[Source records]
• • • •

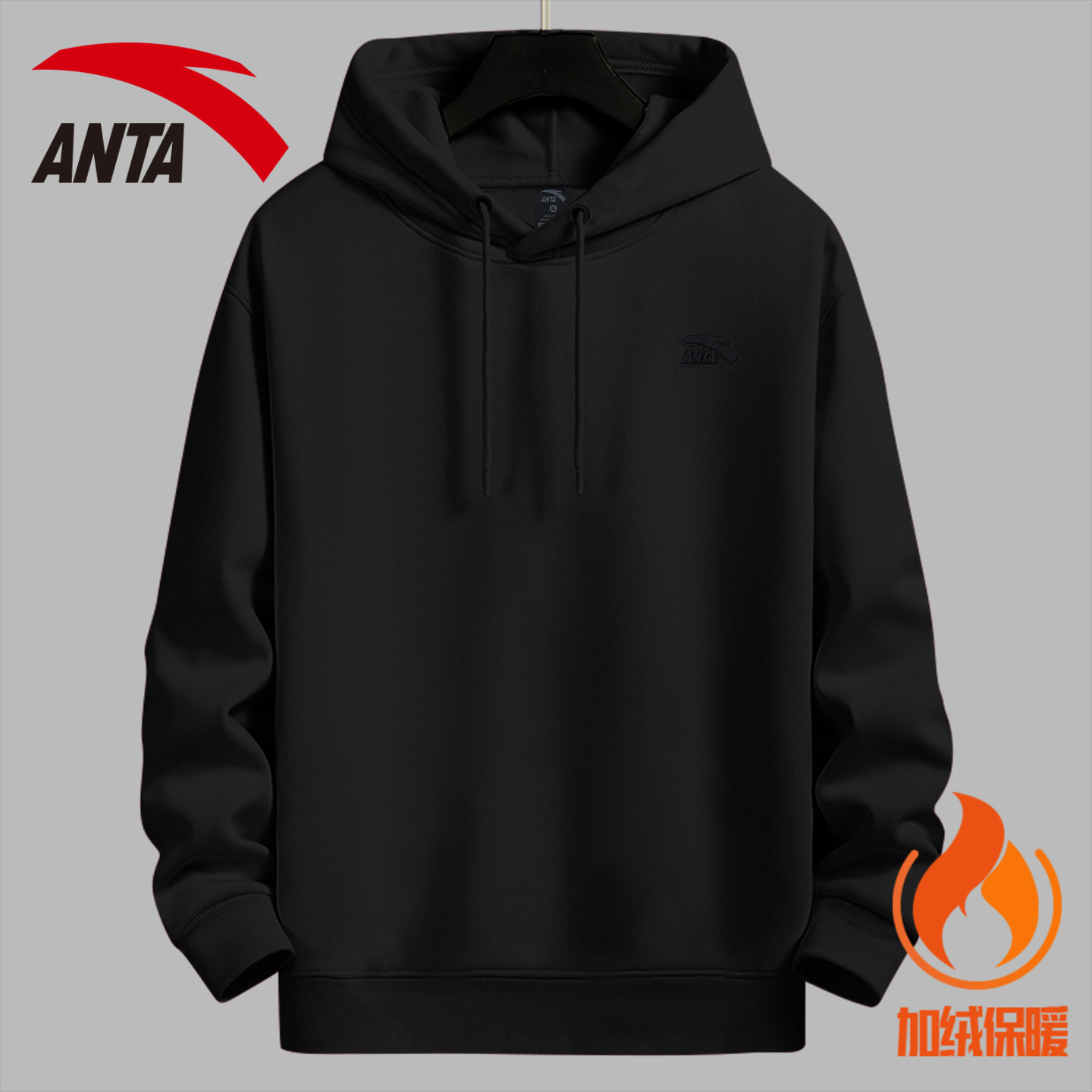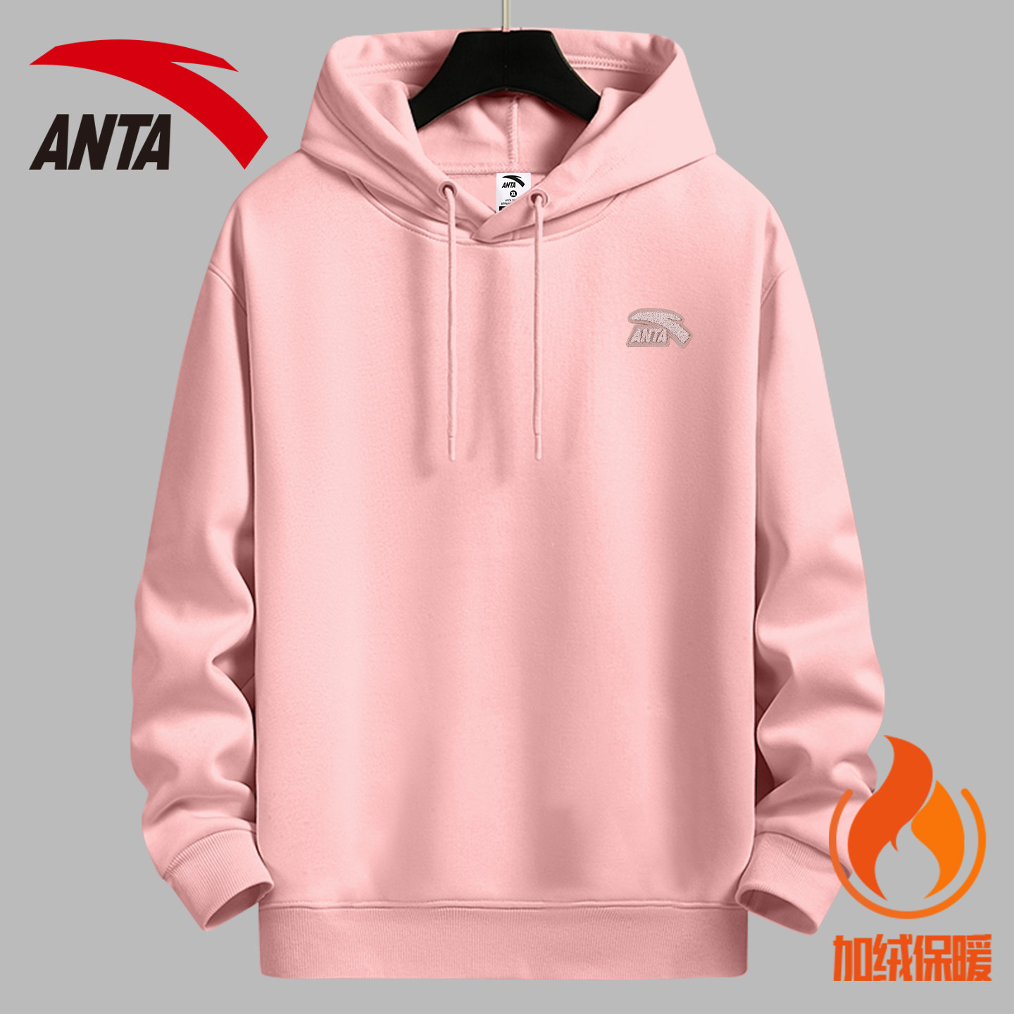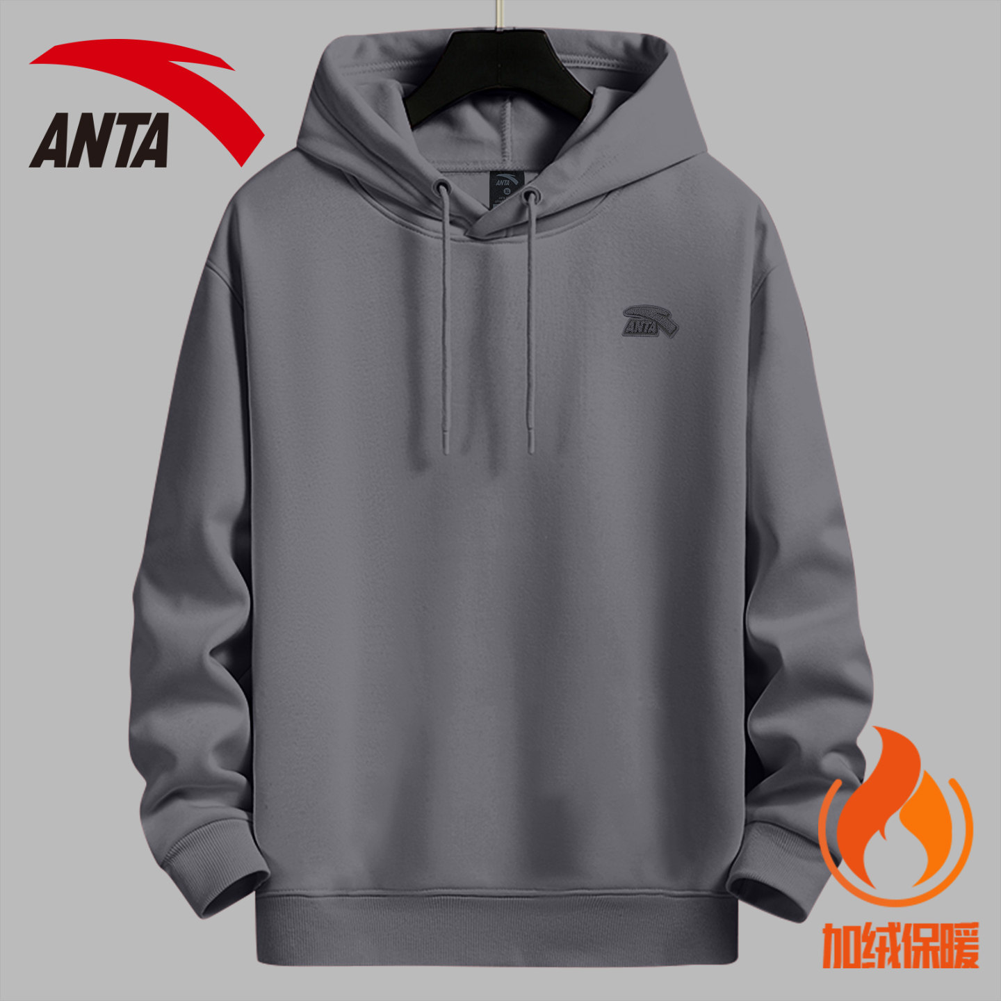 安踏连帽卫衣男青少年酒红色复古美式潮流宽松套头衫冬季加绒外套
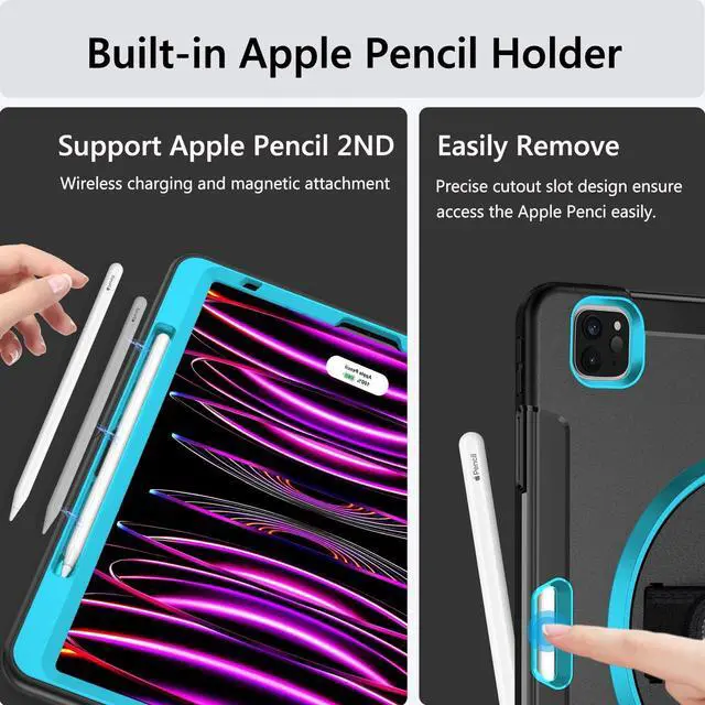BUILT-IN APPLE PENCIL HOLDER & DETAILED CRAFTING: Support Apple Pencil wireless charging and magnetic attachment feature, unique slot pen holder design ensure easily store and remove Apple Pencil. Precise cutout perfectly aligns up to ports, controls to easily access all iPad functions.
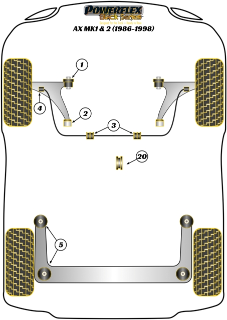 Tuleja Poliuretanowa Powerflex Black Citroen AX Mk1 & 2 (1986-1998) PFF12-1101BLK
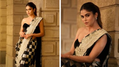 ब्लैक और व्हाइट बॉक्स की साड़ी डिजाइन को चेक बोर्ड साड़ी के नाम से जाना जाता है। अब तक आपने जॉर्जेट या शिफॉन की ऐसी चेक बॉक्स वाली साड़ी देखी होगी। लेकिन अदिति ने साटन फैब्रिक में बेहद खूबसूरत साड़ी पहनी है। साड़ी की खासियत इसमें किया गया महीन वर्क है। बॉर्डर को सिल्वर गोटा पट्टी से सजाया गया है, जो कि दिखने में काफी हैवी लुक दे रहा है। आप ऐसी साड़ी को ऑफ शोल्डर ब्लाउज के साथ पहनकर बेहद खास दिख सकती है।
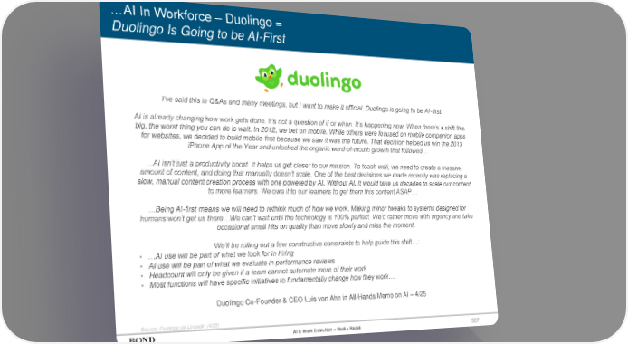 327 …AI In Workforce – Duolingo = Duolingo Is Going to be AI-First Source: Duolingo via LinkedIn (4/25) AI & Work Evolution = Real + Rapid I’ve said this in Q&As and many meetings, but I want to make it official: Duolingo is going to be AI-first. AI is already changing how work gets done. It’s not a question of if or when. It’s happening now. When there’s a shift this big, the worst thing you can do is wait. In 2012, we bet on mobile. While others were focused on mobile companion apps for websites, we decided to build mobile-first because we saw it was the future. That decision helped us win the 2013 iPhone App of the Year and unlocked the organic word-of-mouth growth that followed… …AI isn’t just a productivity boost. It helps us get closer to our mission. To teach well, we need to create a massive amount of content, and doing that manually doesn’t scale. One of the best decisions we made recently was replacing a slow, manual content creation process with one powered by AI. Without AI, it would take us decades to scale our content to more learners. We owe it to our learners to get them this content ASAP… …Being AI-first means we will need to rethink much of how we work. Making minor tweaks to systems designed for humans won’t get us there…We can’t wait until the technology is 100% perfect. We’d rather move with urgency and take occasional small hits on quality than move slowly and miss the moment. We’ll be rolling out a few constructive constraints to help guide this shift…: • …AI use will be part of what we look for in hiring • AI use will be part of what we evaluate in performance reviews • Headcount will only be given if a team cannot automate more of their work • Most functions will have specific initiatives to fundamentally change how they work… Duolingo Co-Founder & CEO Luis von Ahn in All-Hands Memo on AI – 4/25

• • • •

▶ ASSIGNMENT:
Your task is to reproduce exactly the lines from the start of the data above through the line containing "ब्लैक और व्हाइट", leaving every picture out.

▶ REPLY:
 安踏连帽卫衣男青少年酒红色复古美式潮流宽松套头衫冬季加绒外套
BUILT-IN APPLE PENCIL HOLDER & DETAILED CRAFTING: Support Apple Pencil wireless charging and magnetic attachment feature, unique slot pen holder design ensure easily store and remove Apple Pencil. Precise cutout perfectly aligns up to ports, controls to easily access all iPad functions.
 Tuleja Poliuretanowa Powerflex Black Citroen AX Mk1 & 2 (1986-1998) PFF12-1101BLK
 ब्लैक और व्हाइट बॉक्स की साड़ी डिजाइन को चेक बोर्ड साड़ी के नाम से जाना जाता है। अब तक आपने जॉर्जेट या शिफॉन की ऐसी चेक बॉक्स वाली साड़ी देखी होगी। लेकिन अदिति ने साटन फैब्रिक में बेहद खूबसूरत साड़ी पहनी है। साड़ी की खासियत इसमें किया गया महीन वर्क है। बॉर्डर को सिल्वर गोटा पट्टी से सजाया गया है, जो कि दिखने में काफी हैवी लुक दे रहा है। आप ऐसी साड़ी को ऑफ शोल्डर ब्लाउज के साथ पहनकर बेहद खास दिख सकती है।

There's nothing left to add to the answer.